The differences between women’s and men’s attitudes towards their health have been well studied and recognised. Women are more likely to utilise healthcare services than men and are also 50% more likely to receive a wrong initial diagnosis. Such mistakes are especially fatal in the case of cardiac illnesses such as heart attacks. This article explores the possible reasons why women with heart disease are more likely to be misdiagnosed and less likely to be treated or discharged quickly.
Reason 1 - Heart attack rates are lower in younger women than younger men, so symptoms are more likely to be dismissed.

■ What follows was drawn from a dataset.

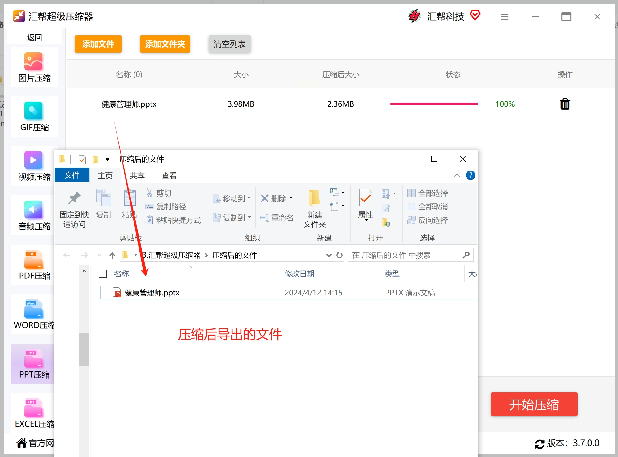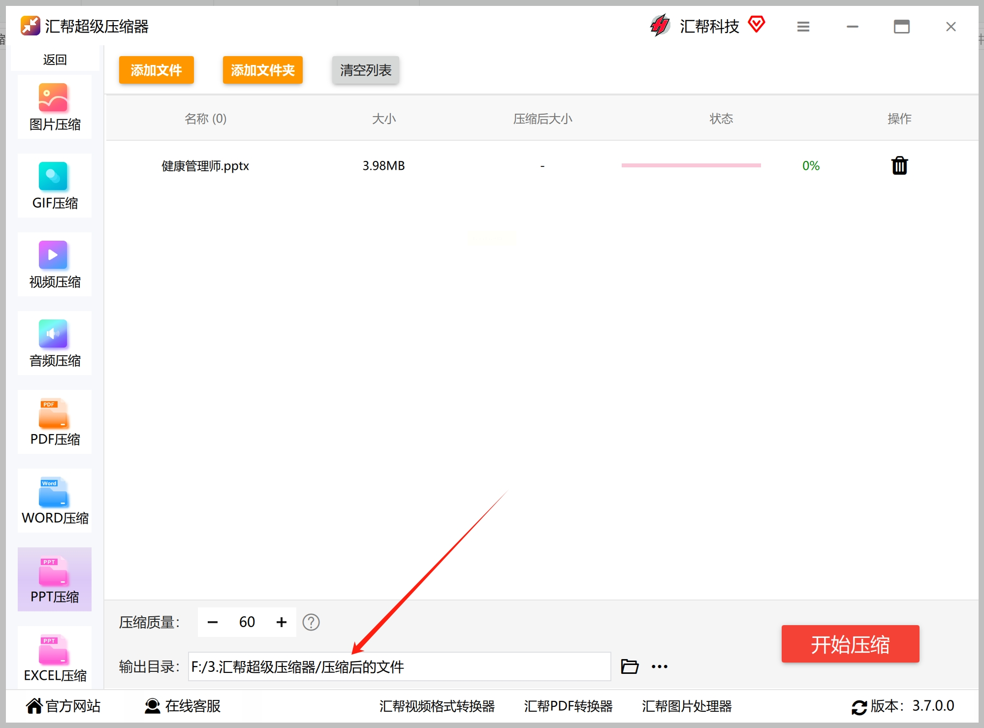 首先,在电脑上打开“汇帮超级压缩器”软件。在主界面上,你会看到针对不同文件类型的压缩选项,找到并点击 【PPT压缩】 或类似的选项,进入PPT压缩功能界面。

Reason 2 - Women’s symptoms of heart diseases are more unpredictable
This article dismisses both of these reasons as heart attacks are not a rare occurrence in hospitals, even for women, so doctors must still be well experienced in diagnosing them. Moreover, symptoms of heart attacks are broadly similar in men and women, with a few exceptions, so this should not be causing such huge differences in diagnoses.
Reason 3 - Interestingly, many studies that show such strong differences in health outcomes for men and women also reveal that these differences in outcomes were only seen when the doctor is male! A study on physician gender and treatment showed that women had much higher rates of survival when treated by another woman. This brings us to wonder whether this is because male doctors perceive more traditionally feminine characteristics in women to be more dramatic, hysterical, or overblown — hence more likely to dismiss women’s symptoms.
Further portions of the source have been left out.